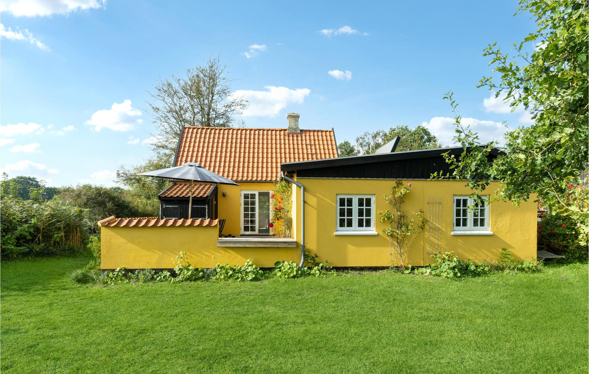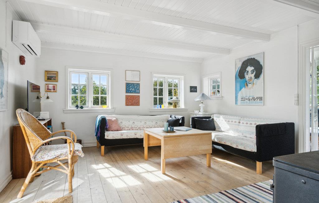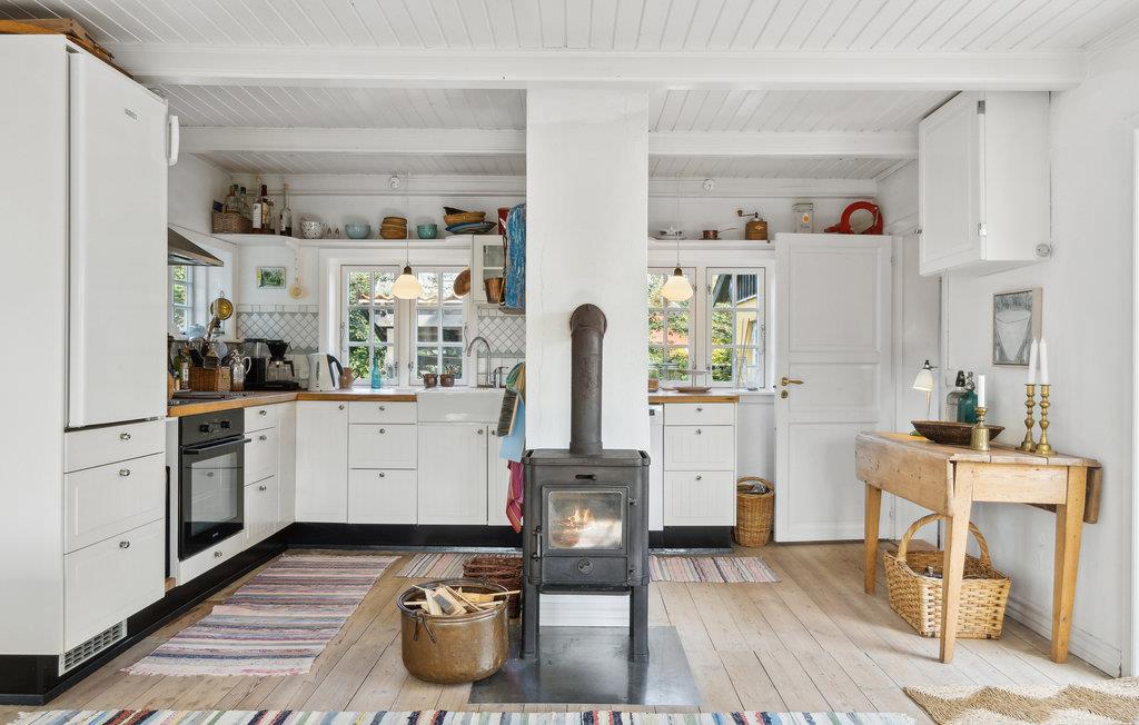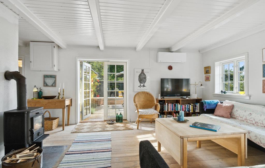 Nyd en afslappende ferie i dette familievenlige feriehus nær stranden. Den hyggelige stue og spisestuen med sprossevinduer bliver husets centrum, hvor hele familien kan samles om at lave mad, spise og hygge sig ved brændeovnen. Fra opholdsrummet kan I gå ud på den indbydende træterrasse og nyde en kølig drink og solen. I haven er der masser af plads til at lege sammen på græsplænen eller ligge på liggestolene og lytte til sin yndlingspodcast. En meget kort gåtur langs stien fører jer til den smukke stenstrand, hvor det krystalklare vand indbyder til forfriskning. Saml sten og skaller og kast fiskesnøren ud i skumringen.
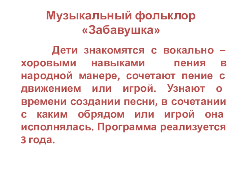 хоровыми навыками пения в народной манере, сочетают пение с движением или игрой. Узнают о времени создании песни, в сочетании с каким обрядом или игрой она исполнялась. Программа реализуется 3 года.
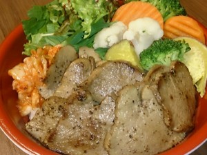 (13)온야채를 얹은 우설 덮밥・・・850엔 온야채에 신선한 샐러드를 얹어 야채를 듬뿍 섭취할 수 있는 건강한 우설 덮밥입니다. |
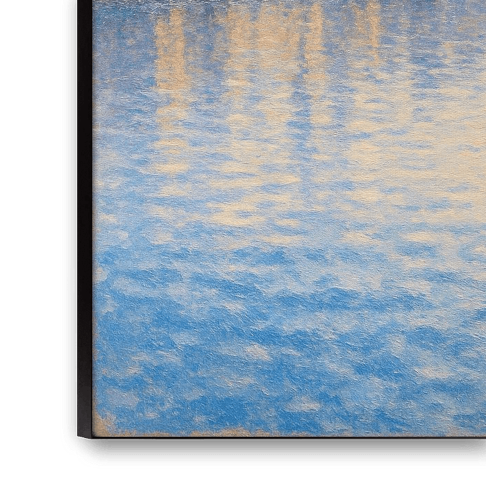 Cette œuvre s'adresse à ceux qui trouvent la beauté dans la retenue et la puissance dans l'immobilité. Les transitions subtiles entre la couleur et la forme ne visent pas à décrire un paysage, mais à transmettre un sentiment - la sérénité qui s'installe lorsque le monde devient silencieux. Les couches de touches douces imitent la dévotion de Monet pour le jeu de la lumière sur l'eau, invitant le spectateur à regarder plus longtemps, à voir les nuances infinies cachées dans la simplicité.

*-*-*

**Exercise description**
Could you return, word for word, every line from the line with "хоровыми навыками пения" through the last line of the listing above, both ends included, without any pictures?

**Response for this exercise**
 хоровыми навыками пения в народной манере, сочетают пение с движением или игрой. Узнают о времени создании песни, в сочетании с каким обрядом или игрой она исполнялась. Программа реализуется 3 года.
 (13)온야채를 얹은 우설 덮밥・・・850엔 온야채에 신선한 샐러드를 얹어 야채를 듬뿍 섭취할 수 있는 건강한 우설 덮밥입니다. |
 Cette œuvre s'adresse à ceux qui trouvent la beauté dans la retenue et la puissance dans l'immobilité. Les transitions subtiles entre la couleur et la forme ne visent pas à décrire un paysage, mais à transmettre un sentiment - la sérénité qui s'installe lorsque le monde devient silencieux. Les couches de touches douces imitent la dévotion de Monet pour le jeu de la lumière sur l'eau, invitant le spectateur à regarder plus longtemps, à voir les nuances infinies cachées dans la simplicité.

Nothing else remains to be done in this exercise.